** Opening SUPPLIED DATA block **
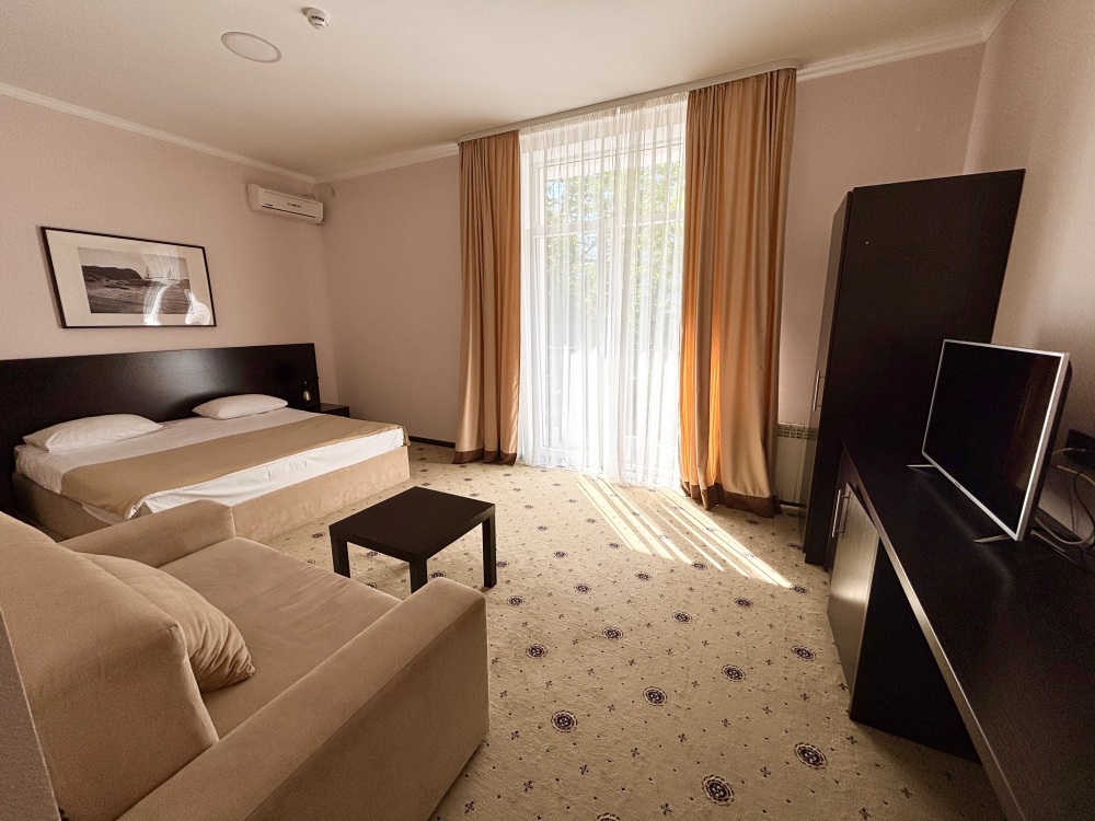 Современный отель с уютными номерами располагает к комфортному семейному отдыху. Рядом замечательный, благоустроенный песчаный пляж «Учкуевка», детский парк и вся инфраструктура города: магазины, рынок, аптека, поликлиника, развлечения.
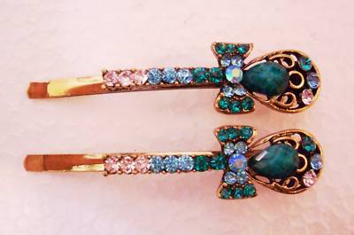 Title (ebay affiliate link): ANTIQUE STYLE GREEN SWAROVSKI CRYSTALS BOW HAIR CLIPS
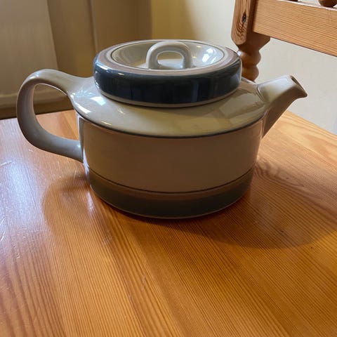 Arabian Uhtua teekannu. Erinomaisessa kunnossa oleva kokonaisuus: Kannu+sihti.kansi. Kork. 12cm, halk 16cm.
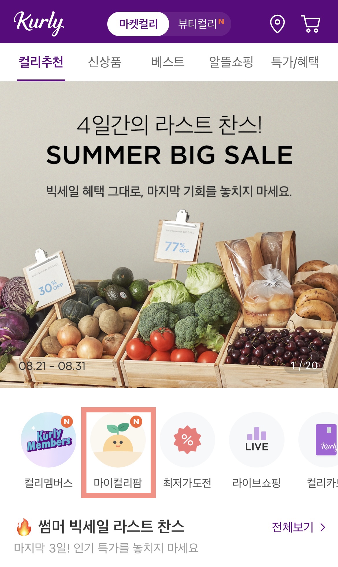 마켓컬리 앱을 켜시면 중간즈음에 '마이컬리팜'이 보입니다
** Closing SUPPLIED DATA block **
ASSIGNED TASK: Write out the data above exactly as it appears, but without any image.

EXERCISE RESULT:
 Современный отель с уютными номерами располагает к комфортному семейному отдыху. Рядом замечательный, благоустроенный песчаный пляж «Учкуевка», детский парк и вся инфраструктура города: магазины, рынок, аптека, поликлиника, развлечения.
 Title (ebay affiliate link): ANTIQUE STYLE GREEN SWAROVSKI CRYSTALS BOW HAIR CLIPS
 Arabian Uhtua teekannu. Erinomaisessa kunnossa oleva kokonaisuus: Kannu+sihti.kansi. Kork. 12cm, halk 16cm.
 마켓컬리 앱을 켜시면 중간즈음에 '마이컬리팜'이 보입니다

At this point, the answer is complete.